A method of detecting objects from a sequence of images of a vehicle camera comprising the steps of:

d) assignment of determined corresponding features in an image area to a plane in space, and

f) determining additional corresponding features in the image area taking into account the associated level.

2. The method of claim 1, comprising the step:

c) Calculation of homographies for the determined corresponding features in an image area so that they can be assigned to a plane in space.

3. The method of claim 2, comprising the steps: d2) assignment of the determined corresponding features to one of a plurality of planes predetermined orientation in space, and

e) Assignment to the plane in space that gives the smallest backprojection error for the identified corresponding features, the backprojection error indicating the difference in between the measured correspondence of a feature in two consecutive images and the prediction of the feature from the computed homography.

4. The method according to any one of the preceding claims, comprising the step: d3) assignment of the determined corresponding features in an image area to a respective ground level, a backplane or a sidewall level.

5. The method of claim 4, wherein the at least one backplane is calculated according to

where a, b, c are constants, xo, yo, xi, yi correspondences in a first image (index 0) and a second image (index 1) and t _x , t _y , t _z , the components of the vector t / d t describes the translation of the vehicle camera and d the distance to a plane.

6. The method of claim 4 or 5, wherein the at least one ground plane is calculated according to

7. The method of claim 4, 5 or 6, wherein the at least one sidewall plane is calculated according to

8. The method according to any one of the preceding claims, wherein starting from a determined division of an image into different image areas with associated levels for a second image are first corresponding to each other Determines features in one image area in the second and subsequent third image,

From these first corresponding features, a homography for this image area is recalculated, and the newly calculated homography is used to predict the position and shape of additional corresponding features in the third image.

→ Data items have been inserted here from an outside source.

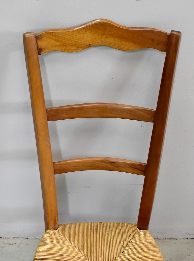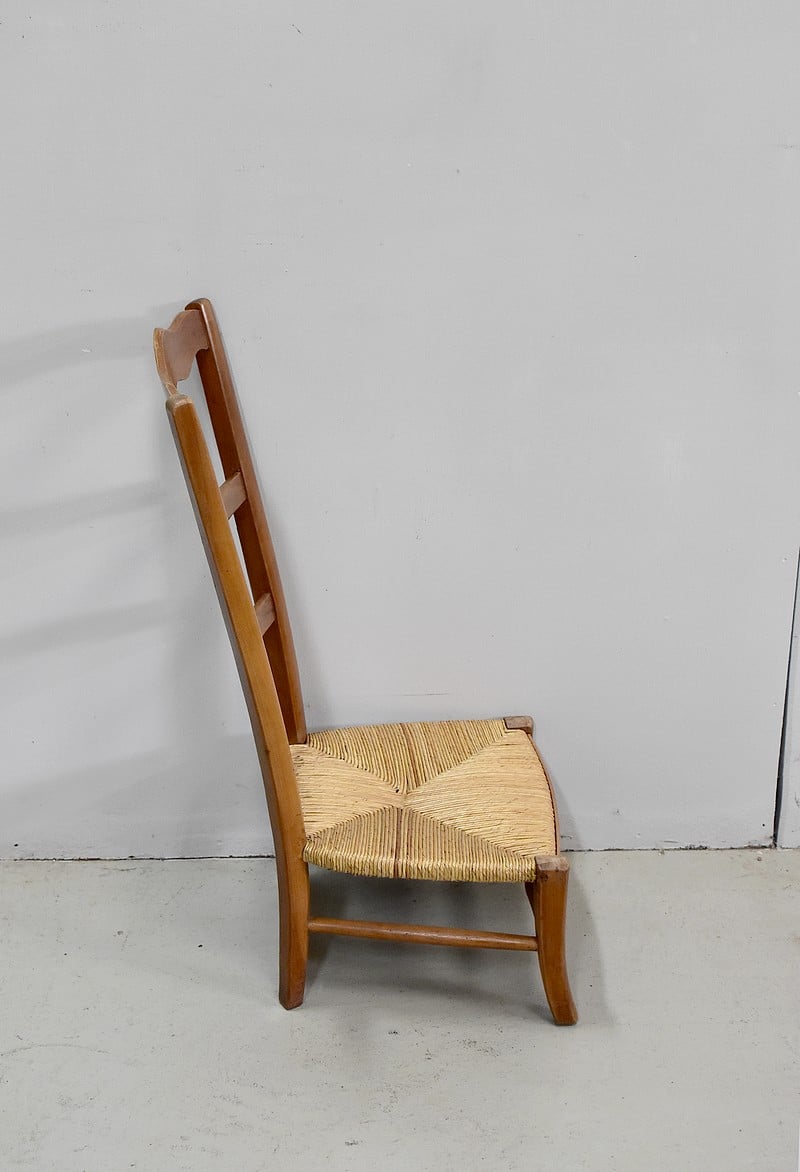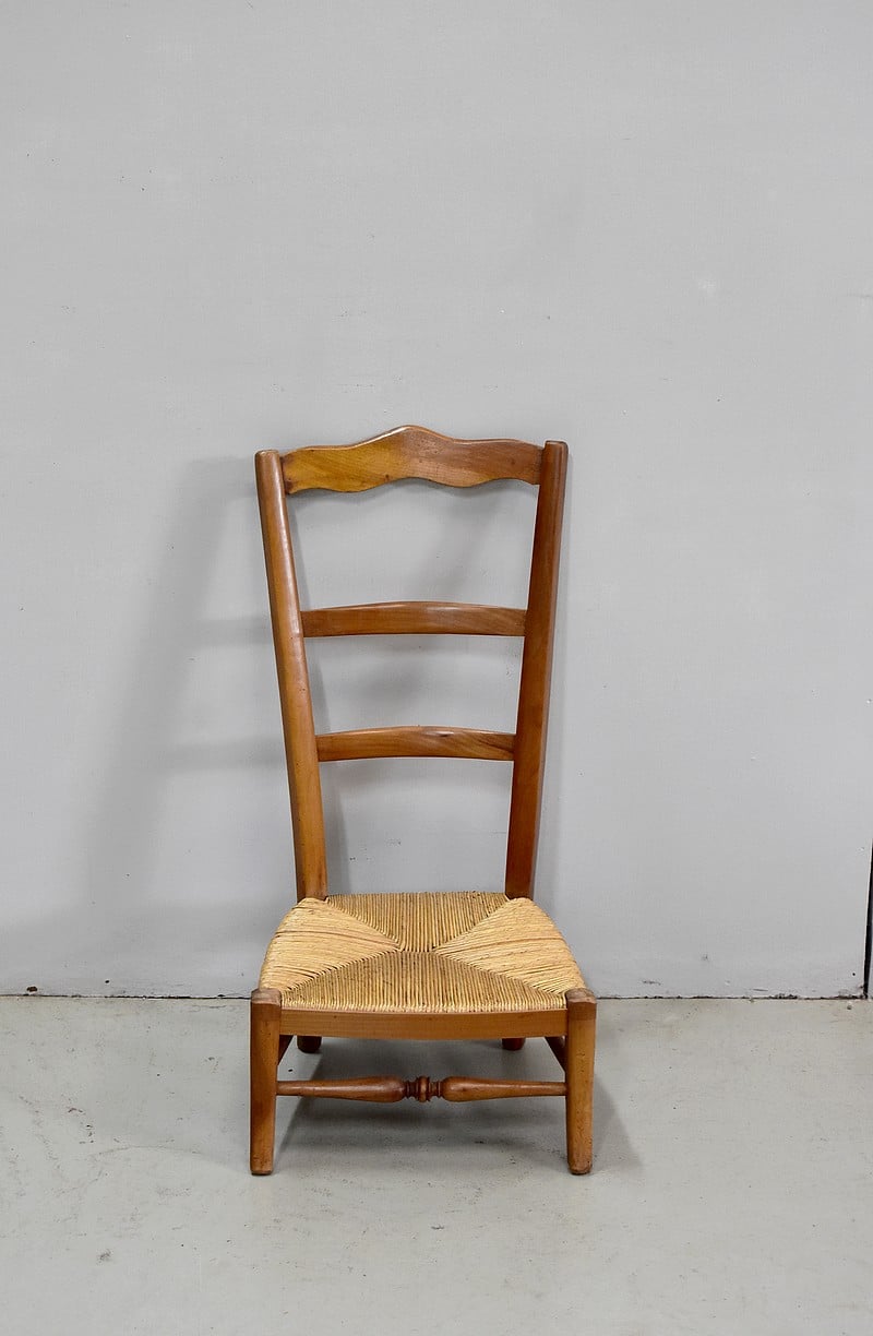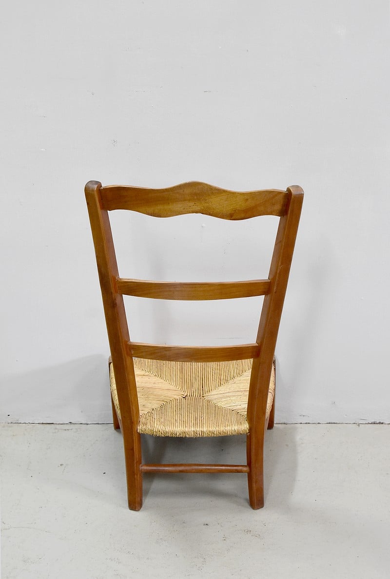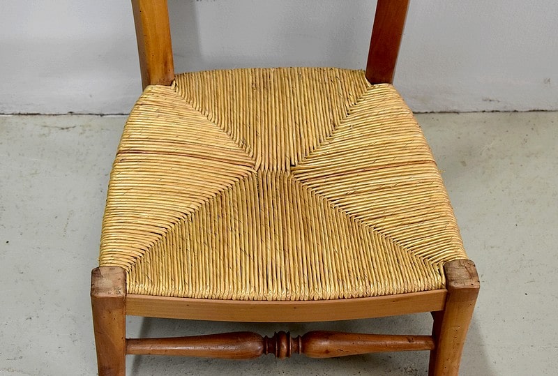 Elle repose sur 2 pieds sabres à l’avant et 2 pieds droits à l’arrière barreautés entre eux et dont le barreau de devant est tourné et sculpté.
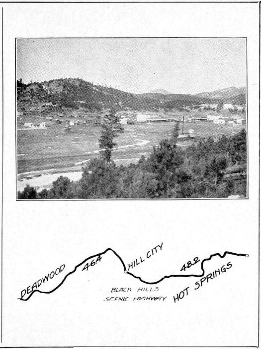 4Perhaps the best known city in the Northern Hills is Deadwood, the center of the industrial and mining interests of this section. Most excellent hotel and garage accommodations, its convenience to surrounding points of scenic interest, and a general spirit of genuine western hospitality toward all will continue to make it a most popular tourist center. Although high in the Hills it is connected with the plains outside by a good road of easy gradient.
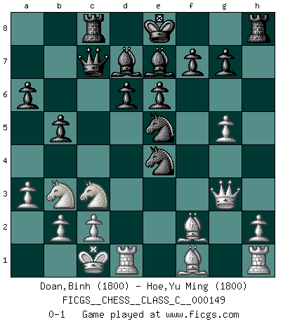 Last move : 0-1 2010 July 14 20:2:1 [Event "FICGS__CHESS__CLASS_C__000149"] [Site "FICGS"] [Date "2010.06.28"] [Round "1"] [White "Doan,Binh"] [Black "Hoe,Yu Ming"] [Result "0-1"] [WhiteElo "1800"] [BlackElo "1800"] 1.Nf3 c5 2.e4 d6 3.d4 cxd4 4.Nxd4 Nf6 5.Nc3 a6 6.Bg5 e6 7.f4 Qb6 8.a3 Nc6 9.Nb3 Be7 10.Qf3 Qc7 11.O-O-O Bd7 12.g4 h6 13.Bh4 Rc8 14.Bf2 b5 15.g5 hxg5 16.fxg5 Ne5 17.Qg3 Nxe4 0-1 Reti Opening Queenside Castling by player White (move 11) Player Black won this chess game. Follow this game move after move (download)You know, comrade Pachman, I don't enjoy being a Minister, I would rather play Chess like you. (Che Guevara) Nach Morphy wurde nichts neues mehr in der Behandlung offener Positionen gefunden. (Mikhail Moiseyevich Botvinik) Las combinaciones han sido siempre el aspecto más intrigante del Ajedrez. Los Maestros las buscan, el público las aplauden, los críticos las alaban. La razón se debe a que las combinaciones hacen posible que el Ajedrez sea más que un ejercicio matemático con una carencia de vida. Ellas son la poesía del juego, son del Ajedrez lo que la melodía es de la música. Ellas representan el triunfo de la mente sobre la materia. (Reuben Fine) La solitude du joueur d'Echecs à l'approche du mat est semblable à celle du condamné. (Francis Szpiner) Be who you are, and say what you feel because those who mind don't matter, and those who matter don't mind. (Dr Seuss)
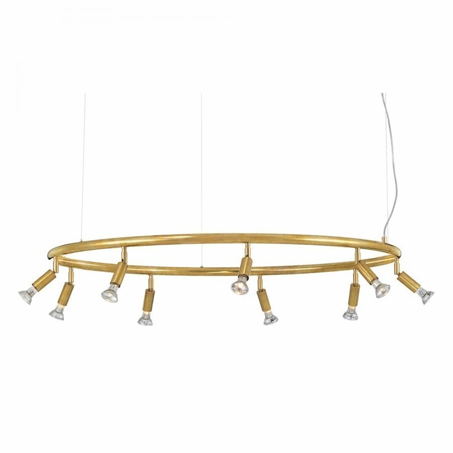 9 valopistettä. Himmenettävä. Liitäntä: 3 johto maadoitetulla koskettimella. Valmius vaijeriripustukseen. Kiinnitys kiinnityshihnalla. Valolähde: 9x40W E14 HALOPAR 16. Korkeus 22 cm, Ø = 100 cm.
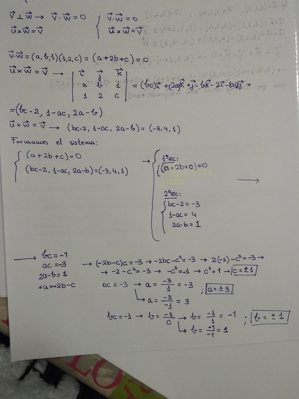 Dados los vectores: = (a,b,1) , = (-3,4,1) y = (1,2,c)
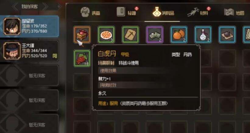 5、吃完饭后就会发现道长掉了一个白虎丹,可以永久增加一点臂力,先不要服用。

9. Method according to one of the preceding claims, wherein if in a subsequent third image in an image area not enough first corresponding features for the recalculation of a homography can be determined,

the homograph from the second image calculated for the image area is used to predict the position and shape of additional corresponding features of the image area in the third image.

10. The method according to claim 1, wherein, for each image area with an associated plane, a current image is warmed to a previous image in accordance with the calculated homography in order to determine additional features corresponding to one another in the last image and in the current image.

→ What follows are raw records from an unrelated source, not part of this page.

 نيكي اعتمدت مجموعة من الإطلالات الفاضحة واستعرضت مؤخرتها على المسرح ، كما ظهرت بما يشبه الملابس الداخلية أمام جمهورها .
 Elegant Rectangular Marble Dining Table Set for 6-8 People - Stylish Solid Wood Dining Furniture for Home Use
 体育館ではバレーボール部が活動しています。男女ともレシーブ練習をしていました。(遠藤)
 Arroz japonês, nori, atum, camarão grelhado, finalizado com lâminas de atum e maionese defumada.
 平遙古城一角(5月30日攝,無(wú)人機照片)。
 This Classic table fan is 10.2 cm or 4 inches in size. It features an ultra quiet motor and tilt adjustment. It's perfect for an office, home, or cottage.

11. An apparatus for detecting objects from a sequence of images of a vehicle camera, comprising:

a camera controller which is adapted to aufzu a sequence of images with the vehicle camera to take a) ^¬;

and evaluation electronics which are designed to determine b) corresponding features in one image area in two consecutive images, d) determined corresponding features in an image ^¬ area to a plane in space assigned, and

f) determine additional corresponding features in the image ^¬ area taking into account the associated level.